The European Union built a parallel regime. Regulation (EC) No 1060/2009 on credit rating agencies set out to protect investors and markets by guaranteeing the independence and integrity of the rating process and improving rating quality (European Parliament and Council, 2009). Supervision of registered agencies was centralised in the European Securities and Markets Authority, which also oversees benchmark administrators. The two frameworks, one in the United States and one in the European Union, took shape after the same crisis and address the same concern, namely that investors had outsourced too much judgement to a small number of firms whose incentives were not fully aligned with the readers of their ratings. Both regimes require agencies to publish performance statistics so that the historical accuracy of their grades can be checked over time.
Market data providers make up the other large part of this segment. They capture quotes and trade reports from exchanges and alternative venues and distribute them to traders, risk systems, and analysts in real time or as historical series. The commercial market is large and concentrated. By the middle of the 2020s the global market data industry had grown to roughly fifty billion units of currency in annual spending, with Bloomberg holding the single largest share through its terminal, followed by the data business of the London Stock Exchange Group, formerly Refinitiv, and by S and P Capital IQ (Burton-Taylor, 2024). A financial Information Services web directory typically lists both the official consolidators and the commercial vendors that repackage, clean, and enrich the feeds for particular workflows.
The public consolidation of equity data in the United States runs through securities information processors operating under National Market System plans, a structure first built in the late 1970s. The SEC adopted rules in 2020 to modernise this infrastructure, expanding the content of consolidated data beyond the best quote and moving from a single-processor model toward a competing-consolidator model meant to lower latency and offer more depth (U.S. Securities and Exchange Commission, 2020). The pricing of market data and the terms on which exchanges sell it have been a long-running source of dispute, because the venues that generate the data also profit from selling it, and users argue the consolidated product is priced above its cost of production. These debates recur in regulatory filings and litigation and shape what subscribers actually pay.
Surveillance data is a specialised branch of market data created for regulators rather than investors. Under SEC Rule 613 the self-regulatory organisations built a Consolidated Audit Trail that records every order, cancellation, modification, and execution in eligible securities, a system the organisations reported as fully implemented in July 2024 (U.S. Securities and Exchange Commission, 2012). The trail lets regulators reconstruct trading across every venue from a single source, something that was slow and incomplete before. Commercial vendors such as Bloomberg and the data arm of the London Stock Exchange Group sit alongside these public utilities, and the line between the two is part of what a business directory covering financial market data helps users work through. The segment rewards breadth of coverage, so a few large vendors recur across the listings while niche specialists compete on a single asset class such as fixed income or foreign exchange.
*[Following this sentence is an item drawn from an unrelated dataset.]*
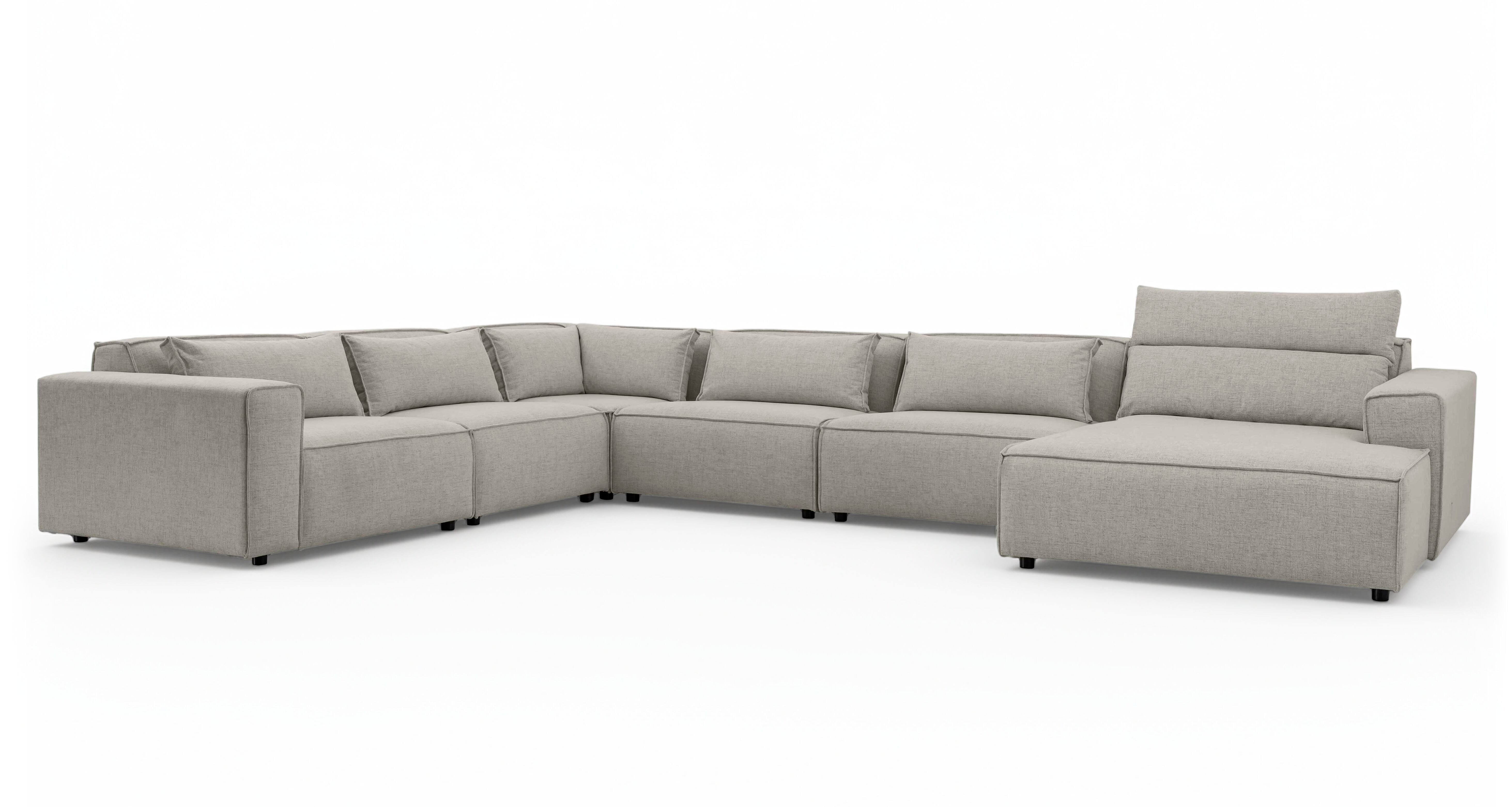 De Rockdale hoekbank van Baenks combineert moderne elegantie met een ontspannen uitstraling en is ontworpen voor wie comfort en design op hoog niveau waardeert. De zachte lijnen en decoratieve vlindernaad geven de bank een verfijnde, ambachtelijke uitstraling, terwijl de hoogwaardige nosagvering en het veerkrachtige HR-koudschuim in de zitting zorgen voor blijvend zitcomfort. Ook in de rug is gebruikgemaakt van nosagvering in combinatie met polyetherschuim, wat resulteert in een aangename ondersteuning. De bank is voorzien van dubbele rugkussens, wat zorgt voor extra zachtheid en optimale ondersteuning. De lendenkussens en het dubbele rugkussen met rol op de longchair nodigen uit tot ontspannen loungen, terwijl de bekleding in de luxe stof Soda in de kleur Ash Grey rust en verfijning toevoegt aan het interieur. De zwarte kunststof poten benadrukken het lage, loungeachtige karakter van het ontwerp en maken de Rockdale tot een stijlvolle blikvanger die elegantie en comfort moeiteloos samenbrengt.
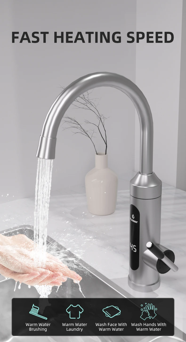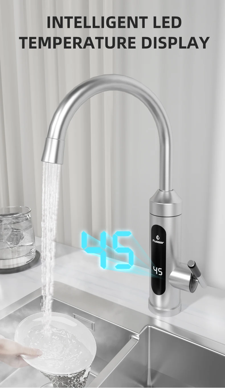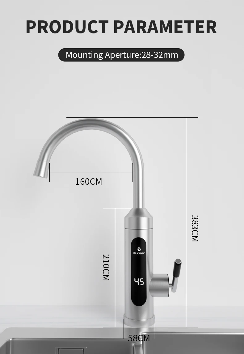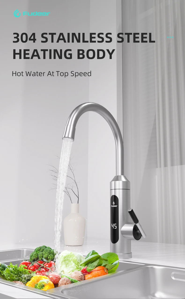 Fudeer Kitchen Faucet Two Function Single Handle Pull Out Mixer Hot and Cold Water Taps Deck Mounted Instant Water Heater

Benchmarks, disclosure, and reference data
Financial benchmarks are reference rates and indices that contracts point to rather than spelling out a number directly. A loan priced at a benchmark plus a margin, or a fund measured against an index, depends on a figure that someone else calculates and publishes each day. The administrators that produce these figures are part of the information services sector, and their reliability matters because a single benchmark can sit underneath trillions of units of currency in contracts. The manipulation of interbank rates exposed how much weight rested on processes that had little oversight, and the response reshaped the whole activity, from governance down to the underlying data on which a rate is built.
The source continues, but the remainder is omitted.